- #1
Chris Rorres
- 4
- 0
If A is an invertible matrix and vectors (v1,v2,...,vn) is a basis for Rn, prove that (Av1,Av2,...,Avn) is also a basis for Rn.
The basis of A with an invertible A matrix is the set of linearly independent columns of A. This means that each column can be expressed as a linear combination of the other columns, and no column is redundant.
To prove that A has an invertible matrix, we need to show that its columns are linearly independent. This can be done by setting up a system of equations using the columns of A and solving for the variables. If the only solution is the trivial solution (all variables equal to 0), then the columns are linearly independent and A has an invertible matrix.

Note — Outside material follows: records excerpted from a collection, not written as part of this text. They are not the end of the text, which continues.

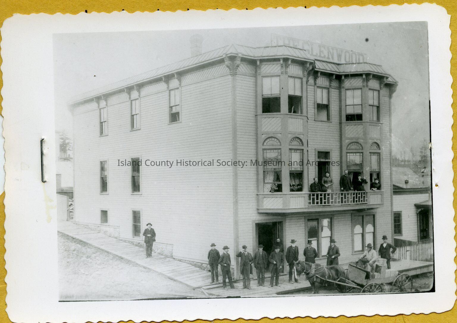 Glenwood Hotel in Coupeville. There is a large group of men in front of the Hotel and men and women on the front balcony. A horse-drawn wagon is in front. Photo glued to brown paper on the bottom and photo 2016.130.010 is attached above it.
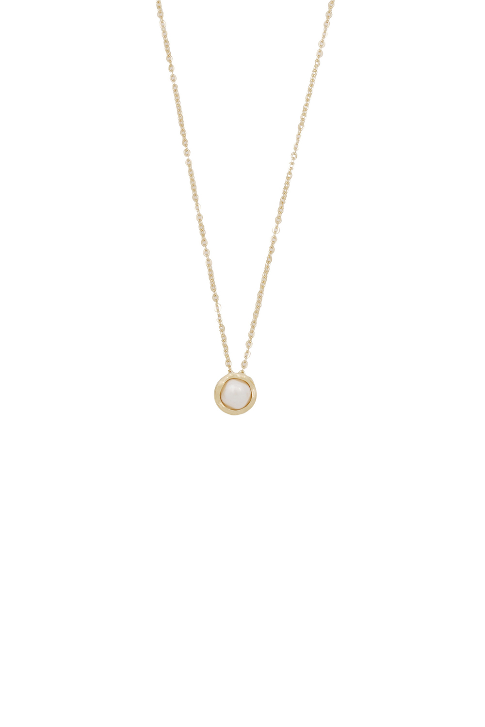 Necklace with a fine chain and a round pendant featuring a set pearl. The pendant’s slightly textured frame adds a subtle contrast to the smooth surface of the pearl.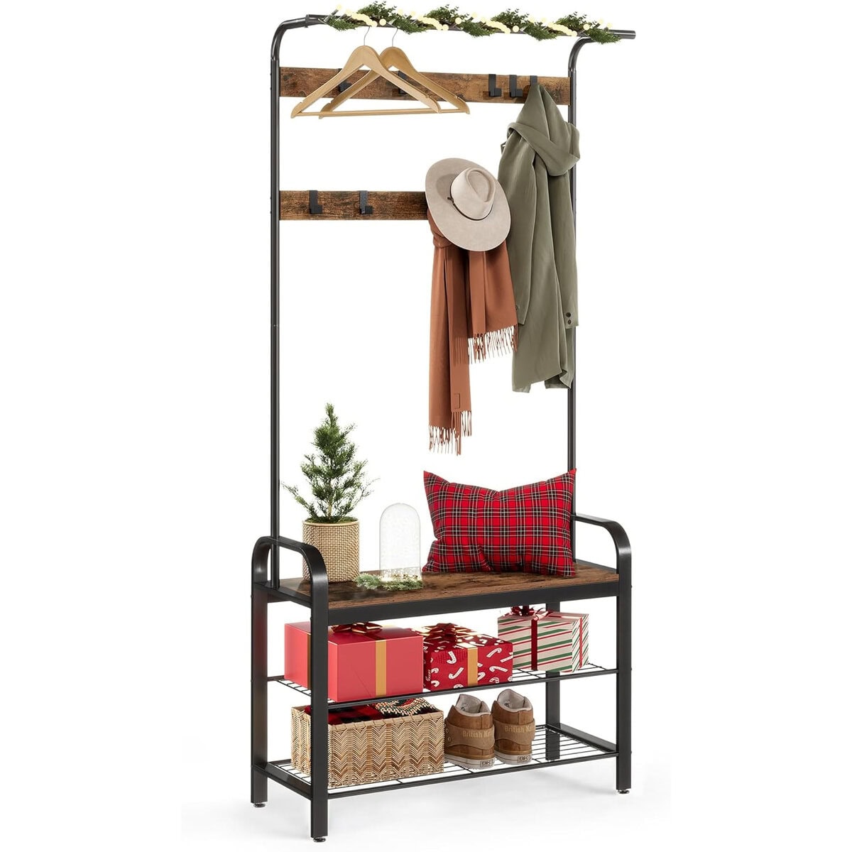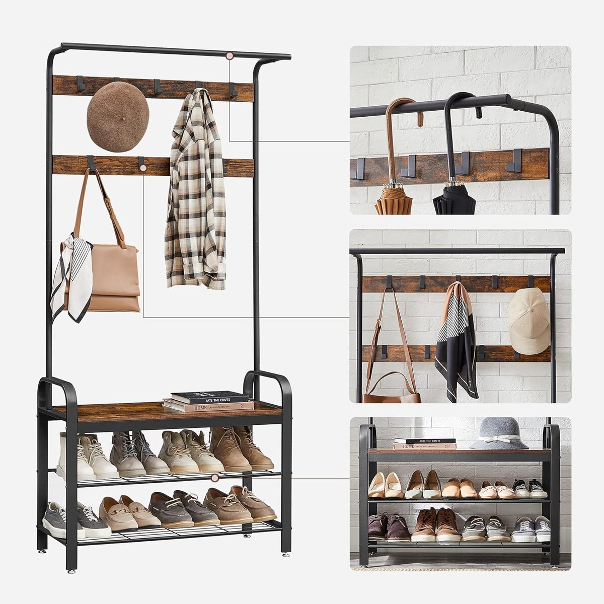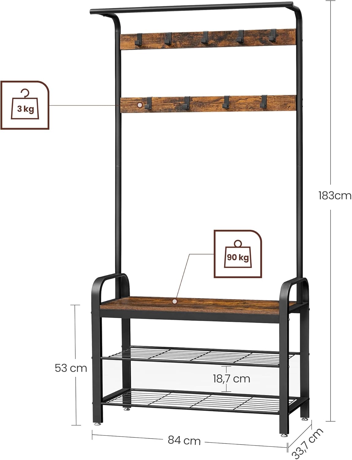 VASAGLE Cuier pentru hol cu banca si suport pantofi, stil industrial, 84x34x183 cm, maro rustic Mob360

No, if the columns of A are not linearly independent, then A cannot have an invertible matrix. This is because the columns of an invertible matrix must form a basis, and a basis must consist of linearly independent vectors.
The determinant of A is a measure of how much the volume of a parallelepiped changes when transformed by A. A has an invertible matrix if and only if its determinant is non-zero, meaning that the transformation does not collapse the volume of the parallelepiped to 0. In other words, if A has an invertible matrix, its determinant must be non-zero.
If A has an invertible matrix, then the system of linear equations can be solved for a unique solution using matrix operations. This is because an invertible matrix can be used to transform the system into an equivalent system with a unique solution. However, if A does not have an invertible matrix, then the system may have either no solution or infinitely many solutions.